Liam had one of those fancy electric razor
things in his bag, but all I had was some cheap disposables, which
meant I was going to have to cut it all off before shaving my head.
Fortunately, Talley had been the one to pack my escape bag, a fact
I realized the moment I opened it up to discover everything
organized neatly into individual freezer bags. I dug through what
was now a random assorted mess until I found the travel sewing kit.
Inside was a tiny pair of scissors, but a test of the ends proved
they would cut as long as I did it strand by strand.

I pulled the first strand out from my head
and positioned the scissors an inch from my scalp.

Snip.

I had about a fourth of it done with my arms
started getting tired. Halfway through I got so bored I thought I
might scream. At three-fourths of the way through the door swung
open.


What are you doing?” Liam
asked, setting some bags on the dresser.

I couldn’t even say anything I was so
shocked. I just sat there on the vanity, my feet in the sink, with
microscopic scissors in my hand and a pile of hair scattered about
me.


Did you cut off your hair?
With those?” He looked at me as if I was completely nuts.
“Why?”


I need to be incognito.” I
sounded like a little kid who just got caught doing something
stupid, which pissed me off. What was it to him anyhow?

Liam reached in a bag and
pulled out a brown wig. He cocked his head and lifted his eyebrows
as if to say,
what do you think this is
for?
I looked back at the mirror, actually
saw what I had done to myself, and burst into tears.

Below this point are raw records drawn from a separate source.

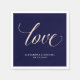 These simple, romantic napkins say "love" in a modern blush pink calligraphy style, on a navy blue background. Personalize with your names and wedding date.
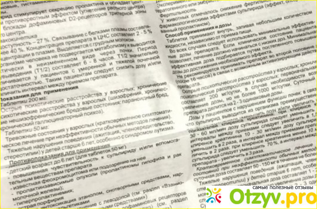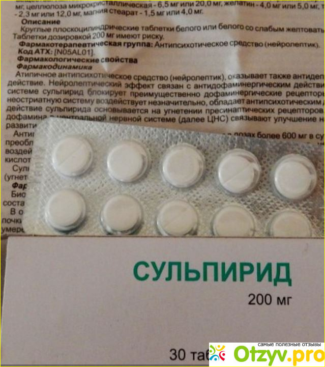 Его даже назначают при синдроме раздраженного кишечника. Данный препарат относится к первичным нейролептикам и своё анти-психическое воздействие может проявить только, если принимать его в больших дозах. Мне дозу выписали среднюю, умеренную, 400 миллиграмм в сутки, хотя большая доза считается где-то от 600 до 800 миллиграмм в сутки. По заявлению доктора препарат не только снижает депрессивное состояние, но и понижает болевые ощущения в животе. Но в начале расскажу о самом препарате из инструкции.
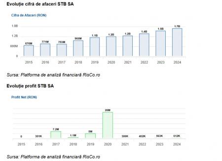 STB SA a raportat în 2024 o cifră de afaceri de 1,7 miliarde lei, în creștere cu 10% față de 2023. Compania a închis anul cu un profit net de 612.208 lei, în creștere cu 9% față de anul precedent. Numărul angajaților s-a situat la 9.826.

If the little kid voice had
made me angry at myself then the tears pushed me firmly into the
livid camp. I hadn’t cried in weeks. I didn’t cry when Talley’s
mom, the woman who took care of me when I was a kid, turned me over
to the Alphas, or when my brother chose a mateless,
Taxiarho-in-Training existence over my life. I hadn’t shed a tear
when I saw the guillotine that was to kill me, when Charlie hugged
me goodbye, or when I saw the devastation wrought from my escape.
But now I was in full waterworks mode over
my hair.
Yet, no matter how furious I
was with myself, I couldn’t stop. It was like a dam had
broken.


You’re crying,” Liam
observed with more than a hint of horror.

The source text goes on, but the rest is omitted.